Backing up your keys
Kleopatra will offer to back up your key pair immediately after creation. You can also do this at any time by right-clicking your key and selecting Export Secret Keys. Save the file in a secure location.
If you open the exported file in a text editor, you will see a block beginning with BEGIN PGP PRIVATE KEY BLOCK – never share this with anyone. Your public key, safe to distribute, begins with BEGIN PGP PUBLIC KEY BLOCK.
One of GPG's advantages is that private keys are highly portable – you can print them on paper or store them on an encrypted drive. The public key can always be re-derived from the private key, so you only need to keep one file safe.
Importing DEX.fo's public key
DEX.fo's public key details:
·
Algorithm: RSA-4096
·
Key ID:
·
PGP Fingerprint:
In Kleopatra (Windows & Linux):
Click Import in the toolbar → select the file dexfo_pubkey.asc. Kleopatra will display the key details and ask you to confirm. Check that the fingerprint matches the one listed above, then click Certify to mark it as trusted.
In GPG Keychain (macOS):
Go to File > Import… → select dexfo_pubkey.asc. The key will appear in your keychain. Right-click it and select Sign to certify it after verifying the fingerprint.

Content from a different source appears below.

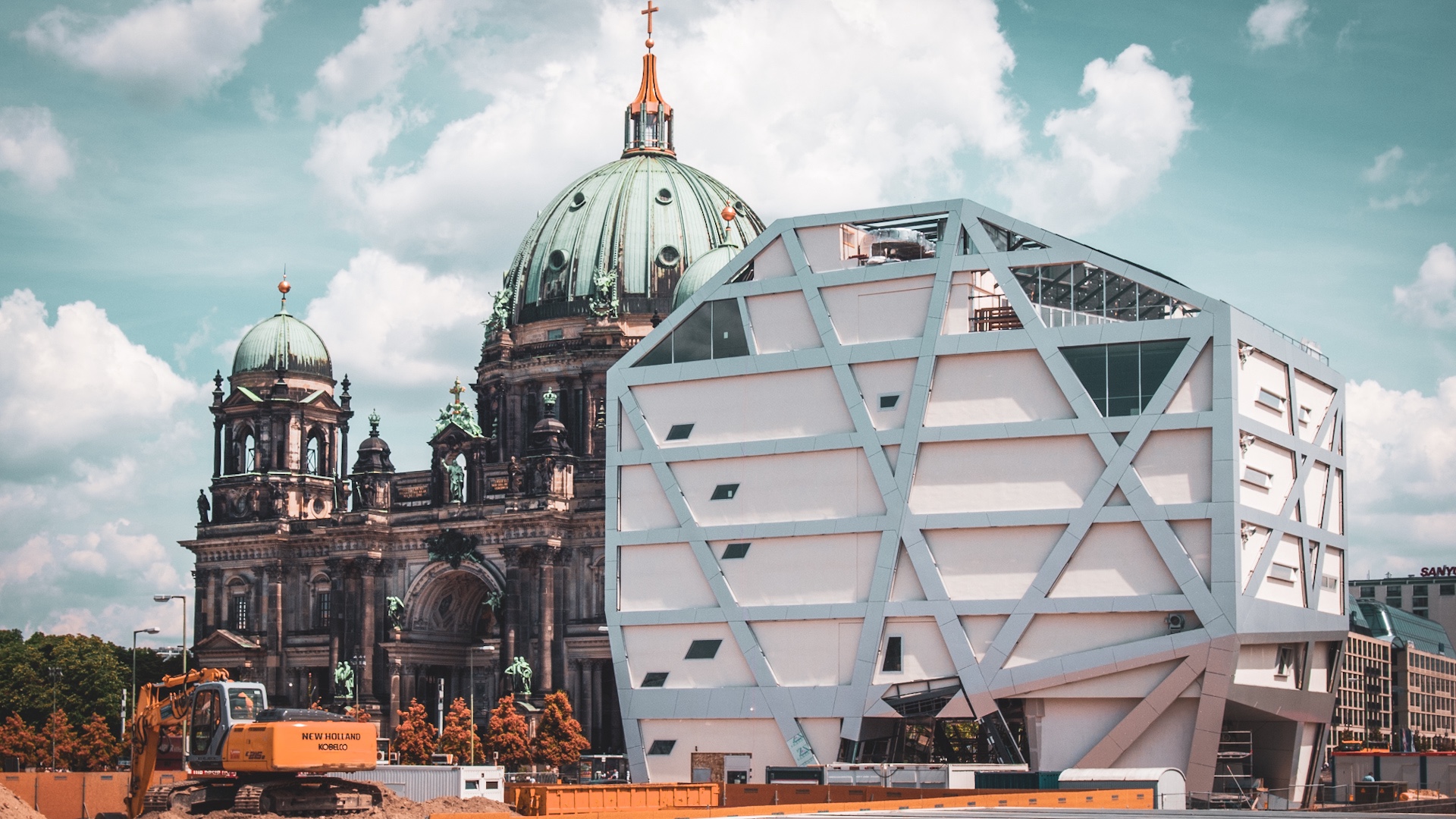 Bis 2018 informierte sie interessierte Berliner und Besucher über die Planung des Humboldt Forums, denn es sollte ja kein Schloss werden. Eher so ein Zwitter. Modern meets Klassik. Das macht das Gebäude auch architektonisch interessant. Die Hardliner unter den Schloss Befürwortern hätten es glaub ich gern nur klassisch gehabt. Aber sie konnten sich immerhin damit durchsetzen, dass das Forum eine Kuppel bekam und obendrauf wurde sogar noch ein Kreuz gesetzt. Sieht alles schon sehr majestätisch aus, folgt aber innen einem Bildungsauftrag im Sinne von „Alexander vom Humboldt„.

In OpenKeychain (Android):
Tap the + button → Import from file → select dexfo_pubkey.asc. Verify the fingerprint matches the one listed above before confirming.
In PGPony (iOS):
Open the app → Keys tab → tap + → Import Key → select dexfo_pubkey.asc. Verify the fingerprint before confirming.
You can also import a key by double-clicking the .asc file on desktop – it will open in Kleopatra or GPG Keychain automatically. Keys are also commonly distributed as a plain-text block; in that case, copy the block and use File > Import from Clipboard in Kleopatra. Key files may use .asc, .pgp, or .gpg extensions – all are handled correctly regardless of extension.
Verifying a DEX.fo swap receipt
You will need to download receipt.asc signature file
Option 1: Kleopatra (Windows & Linux)
Click Decrypt/Verify in the toolbar → select receipt.asc. Kleopatra will display the verification result. A green result means the signature is valid and the receipt has not been modified.
Option 2: GPGTools (macOS)
Right-click receipt.asc in Finder → Services > OpenPGP: Verify Signature. GPG Services will show the result.
Option 3: OpenKeychain (Android)
Open the app → tap the menu → Decrypt & Verify → select receipt.asc.
Option 4: PGPony (iOS)
Open the app → Verify tab → import receipt.asc. The app will display the verification result.
Option 5: Command line (advanced)
gpg --import dexfo_pubkey.asc
gpg --verify receipt.asc
A successful verification confirms that the receipt was signed by DEX.fo's private key and has not been tampered with. If even a single character in receipt.asc has been changed after signing, verification will fail.
FAQ
How do I get a PGP public key to post a review?
Download Kleopatra for Windows & Linux, GPGTools for macOS, OpenKeychain for Android, or PGPony for iOS, then create a new OpenPGP key pair in the app.
What file extensions do GPG key files use?
Key files commonly use .asc, .pgp, or .gpg extensions. The extension does not affect how the file is read – all three formats are handled correctly by all apps listed in this guide.
What does "untrusted signature" mean?
It means the key has been imported but not certified by you. To resolve this, right-click the key in Kleopatra and select Certify after verifying the fingerprint matches the one published by DEX.fo.
Can I verify receipts on mobile?
Yes – use OpenKeychain on Android or PGPony on iOS.